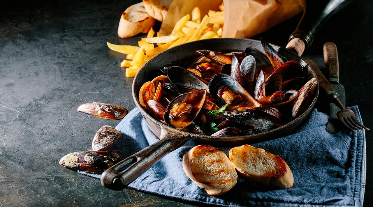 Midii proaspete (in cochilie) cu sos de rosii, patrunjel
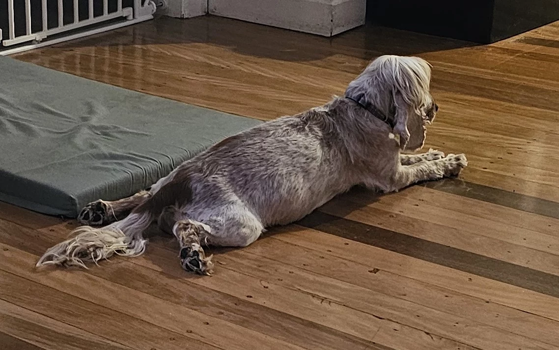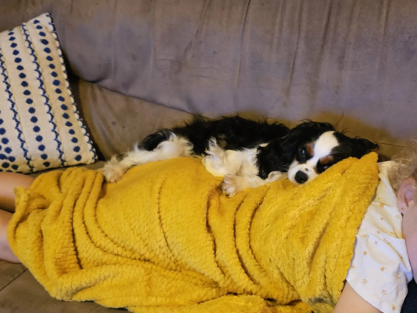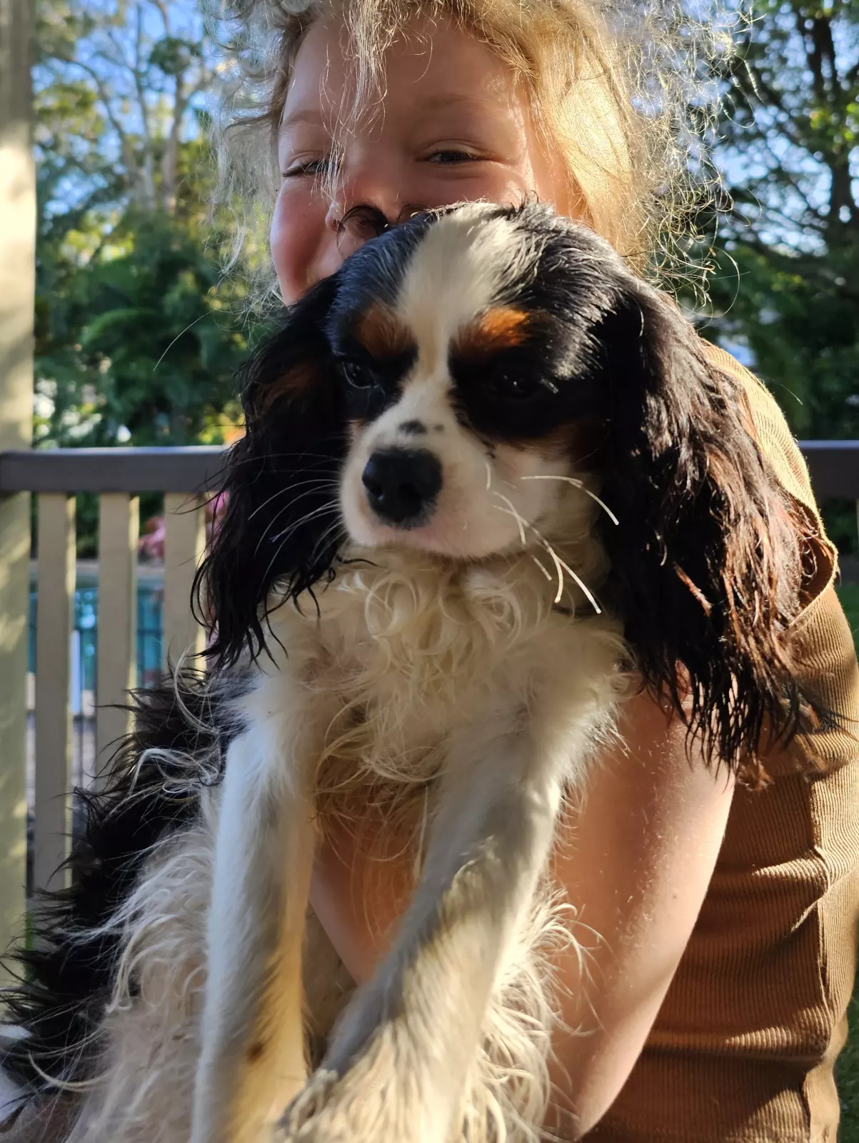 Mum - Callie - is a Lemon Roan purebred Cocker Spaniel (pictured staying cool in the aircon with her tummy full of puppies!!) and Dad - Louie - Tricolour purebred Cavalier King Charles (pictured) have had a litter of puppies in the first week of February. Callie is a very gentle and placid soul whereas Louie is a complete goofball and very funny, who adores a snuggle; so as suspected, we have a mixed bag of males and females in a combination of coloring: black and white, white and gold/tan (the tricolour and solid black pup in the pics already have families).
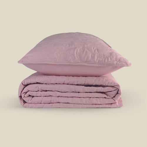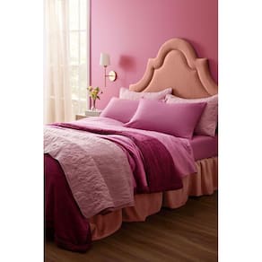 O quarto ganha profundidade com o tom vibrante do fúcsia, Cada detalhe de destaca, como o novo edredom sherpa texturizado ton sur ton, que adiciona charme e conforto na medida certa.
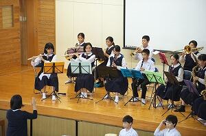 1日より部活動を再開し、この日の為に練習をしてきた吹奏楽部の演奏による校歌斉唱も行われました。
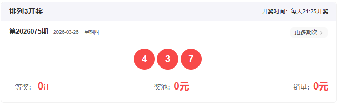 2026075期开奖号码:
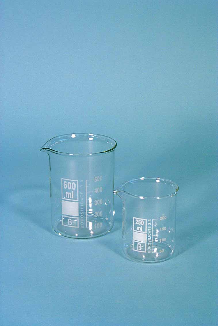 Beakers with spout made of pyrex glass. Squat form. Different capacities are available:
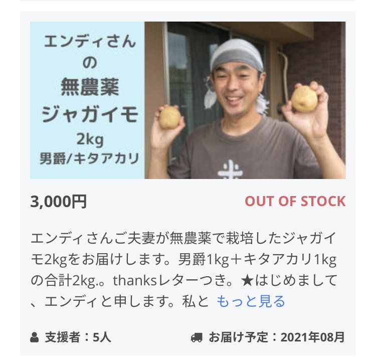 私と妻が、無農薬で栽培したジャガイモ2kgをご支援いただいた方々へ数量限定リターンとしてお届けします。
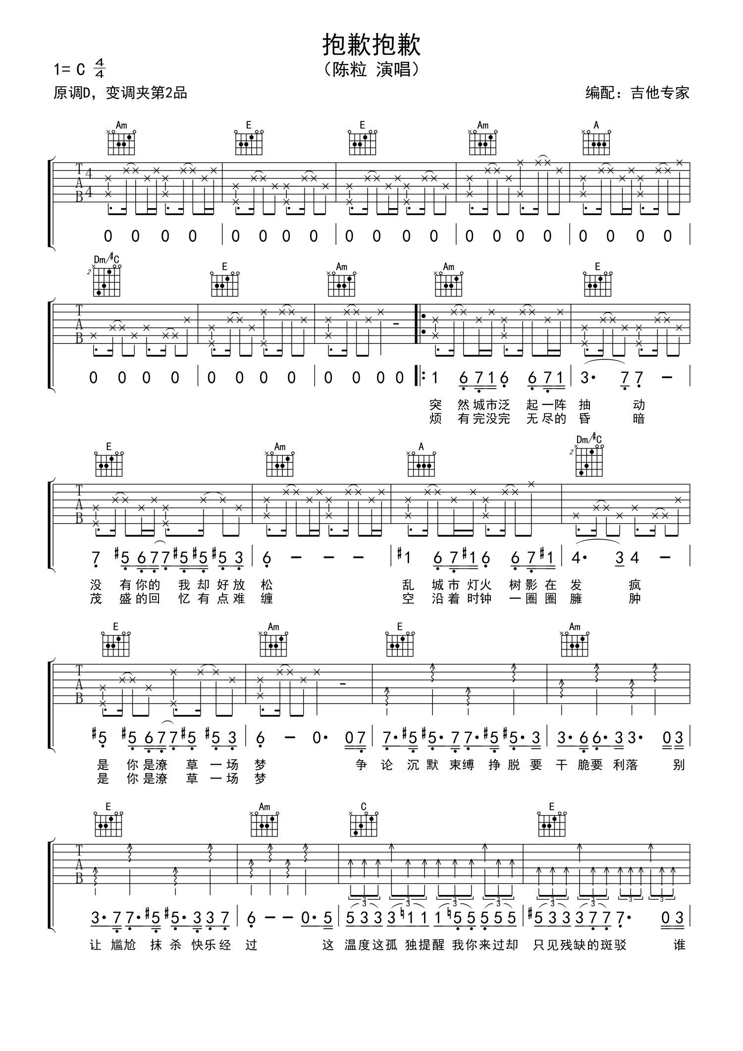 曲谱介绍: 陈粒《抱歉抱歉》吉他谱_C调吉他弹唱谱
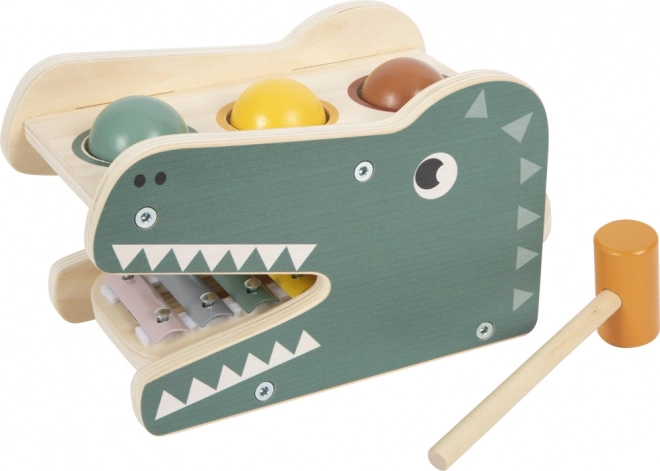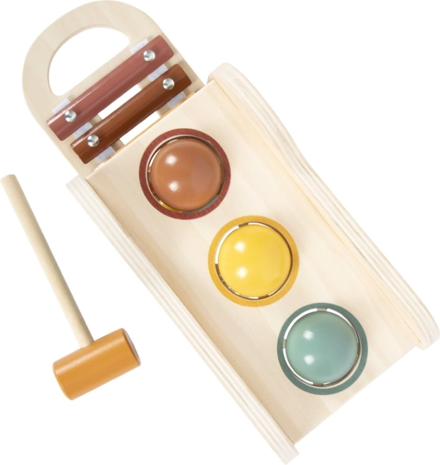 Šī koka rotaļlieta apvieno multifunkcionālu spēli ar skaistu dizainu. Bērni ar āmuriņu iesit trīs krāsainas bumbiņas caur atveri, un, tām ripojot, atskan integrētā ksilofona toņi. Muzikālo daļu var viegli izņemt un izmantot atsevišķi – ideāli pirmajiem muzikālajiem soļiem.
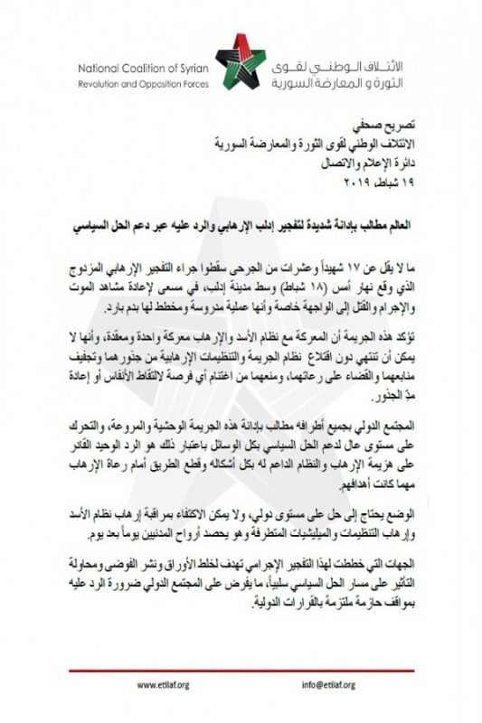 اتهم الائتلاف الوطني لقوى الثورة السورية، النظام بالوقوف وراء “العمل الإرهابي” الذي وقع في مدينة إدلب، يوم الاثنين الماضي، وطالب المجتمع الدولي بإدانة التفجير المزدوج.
########
■ About this exercise:
Every record above should be set down exactly, with the pictures left out.

■ Problem solution:
 Midii proaspete (in cochilie) cu sos de rosii, patrunjel
 Mum - Callie - is a Lemon Roan purebred Cocker Spaniel (pictured staying cool in the aircon with her tummy full of puppies!!) and Dad - Louie - Tricolour purebred Cavalier King Charles (pictured) have had a litter of puppies in the first week of February. Callie is a very gentle and placid soul whereas Louie is a complete goofball and very funny, who adores a snuggle; so as suspected, we have a mixed bag of males and females in a combination of coloring: black and white, white and gold/tan (the tricolour and solid black pup in the pics already have families).
 O quarto ganha profundidade com o tom vibrante do fúcsia, Cada detalhe de destaca, como o novo edredom sherpa texturizado ton sur ton, que adiciona charme e conforto na medida certa.
 1日より部活動を再開し、この日の為に練習をしてきた吹奏楽部の演奏による校歌斉唱も行われました。
 2026075期开奖号码:
 Beakers with spout made of pyrex glass. Squat form. Different capacities are available:
 私と妻が、無農薬で栽培したジャガイモ2kgをご支援いただいた方々へ数量限定リターンとしてお届けします。
 曲谱介绍: 陈粒《抱歉抱歉》吉他谱_C调吉他弹唱谱
 Šī koka rotaļlieta apvieno multifunkcionālu spēli ar skaistu dizainu. Bērni ar āmuriņu iesit trīs krāsainas bumbiņas caur atveri, un, tām ripojot, atskan integrētā ksilofona toņi. Muzikālo daļu var viegli izņemt un izmantot atsevišķi – ideāli pirmajiem muzikālajiem soļiem.
 اتهم الائتلاف الوطني لقوى الثورة السورية، النظام بالوقوف وراء “العمل الإرهابي” الذي وقع في مدينة إدلب، يوم الاثنين الماضي، وطالب المجتمع الدولي بإدانة التفجير المزدوج.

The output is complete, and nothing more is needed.